In the records below, repeat exactly the lines between the line holding "The sterling silver" and the line holding "本报讯(记者 邱丹燕 文", inclusive, and drop the pictures.

**Given entries:**
- - - - -

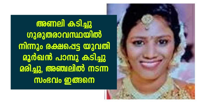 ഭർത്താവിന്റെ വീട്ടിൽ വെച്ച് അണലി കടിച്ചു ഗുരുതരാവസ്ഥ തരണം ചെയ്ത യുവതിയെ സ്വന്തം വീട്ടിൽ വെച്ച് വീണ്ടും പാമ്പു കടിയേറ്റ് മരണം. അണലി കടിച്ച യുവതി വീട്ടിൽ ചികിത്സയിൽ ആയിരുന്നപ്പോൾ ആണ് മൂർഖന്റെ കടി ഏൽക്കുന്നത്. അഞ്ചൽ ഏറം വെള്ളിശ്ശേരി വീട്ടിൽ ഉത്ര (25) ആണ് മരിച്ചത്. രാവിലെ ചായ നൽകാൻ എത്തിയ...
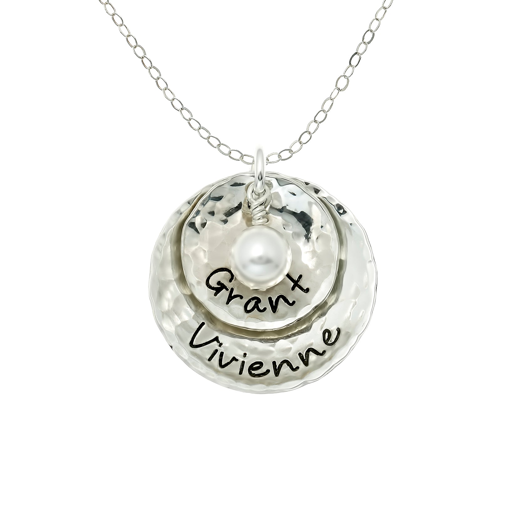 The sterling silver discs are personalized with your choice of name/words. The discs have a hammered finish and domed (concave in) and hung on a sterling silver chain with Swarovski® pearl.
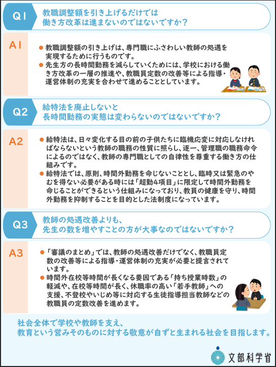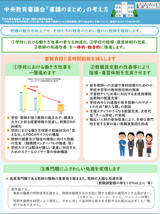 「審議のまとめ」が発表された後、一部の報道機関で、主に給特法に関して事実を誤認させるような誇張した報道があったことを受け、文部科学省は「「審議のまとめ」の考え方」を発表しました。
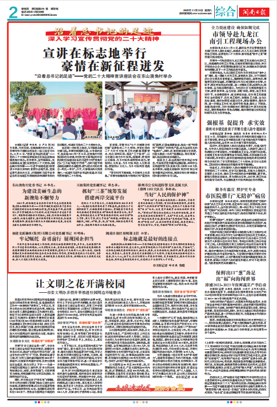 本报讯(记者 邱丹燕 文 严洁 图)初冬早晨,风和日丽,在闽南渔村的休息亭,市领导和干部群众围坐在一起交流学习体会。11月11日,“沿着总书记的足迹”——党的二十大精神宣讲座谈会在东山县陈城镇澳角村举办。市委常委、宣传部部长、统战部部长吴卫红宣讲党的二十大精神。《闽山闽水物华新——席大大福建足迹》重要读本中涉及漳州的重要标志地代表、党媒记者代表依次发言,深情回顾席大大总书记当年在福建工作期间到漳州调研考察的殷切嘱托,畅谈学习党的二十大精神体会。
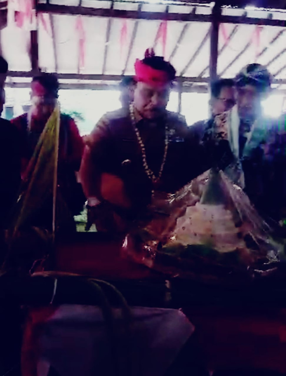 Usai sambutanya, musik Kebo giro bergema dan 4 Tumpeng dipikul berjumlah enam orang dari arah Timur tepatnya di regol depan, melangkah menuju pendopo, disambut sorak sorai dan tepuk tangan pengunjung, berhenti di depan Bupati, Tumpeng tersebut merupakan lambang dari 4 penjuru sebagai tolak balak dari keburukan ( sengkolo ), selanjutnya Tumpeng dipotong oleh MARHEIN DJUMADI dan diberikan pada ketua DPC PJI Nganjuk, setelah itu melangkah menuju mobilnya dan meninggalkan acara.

- - - - -

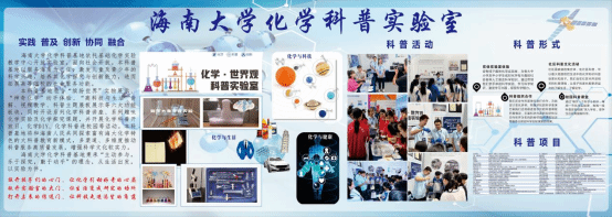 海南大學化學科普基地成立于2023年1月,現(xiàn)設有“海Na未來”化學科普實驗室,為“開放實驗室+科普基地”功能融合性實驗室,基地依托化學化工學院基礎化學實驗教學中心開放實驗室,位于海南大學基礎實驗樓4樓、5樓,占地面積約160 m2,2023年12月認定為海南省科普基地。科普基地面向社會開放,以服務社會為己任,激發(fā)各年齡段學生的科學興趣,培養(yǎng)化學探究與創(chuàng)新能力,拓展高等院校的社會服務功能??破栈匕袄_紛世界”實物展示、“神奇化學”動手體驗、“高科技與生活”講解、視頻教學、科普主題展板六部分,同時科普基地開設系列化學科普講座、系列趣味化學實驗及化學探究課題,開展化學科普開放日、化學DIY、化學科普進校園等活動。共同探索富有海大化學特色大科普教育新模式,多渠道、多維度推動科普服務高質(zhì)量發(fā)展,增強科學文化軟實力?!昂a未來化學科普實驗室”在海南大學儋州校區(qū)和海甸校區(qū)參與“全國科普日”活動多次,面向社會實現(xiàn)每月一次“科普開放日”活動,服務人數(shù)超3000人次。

- - - - -

**Answer space:**
 The sterling silver discs are personalized with your choice of name/words. The discs have a hammered finish and domed (concave in) and hung on a sterling silver chain with Swarovski® pearl.
 「審議のまとめ」が発表された後、一部の報道機関で、主に給特法に関して事実を誤認させるような誇張した報道があったことを受け、文部科学省は「「審議のまとめ」の考え方」を発表しました。
 本报讯(记者 邱丹燕 文 严洁 图)初冬早晨,风和日丽,在闽南渔村的休息亭,市领导和干部群众围坐在一起交流学习体会。11月11日,“沿着总书记的足迹”——党的二十大精神宣讲座谈会在东山县陈城镇澳角村举办。市委常委、宣传部部长、统战部部长吴卫红宣讲党的二十大精神。《闽山闽水物华新——席大大福建足迹》重要读本中涉及漳州的重要标志地代表、党媒记者代表依次发言,深情回顾席大大总书记当年在福建工作期间到漳州调研考察的殷切嘱托,畅谈学习党的二十大精神体会。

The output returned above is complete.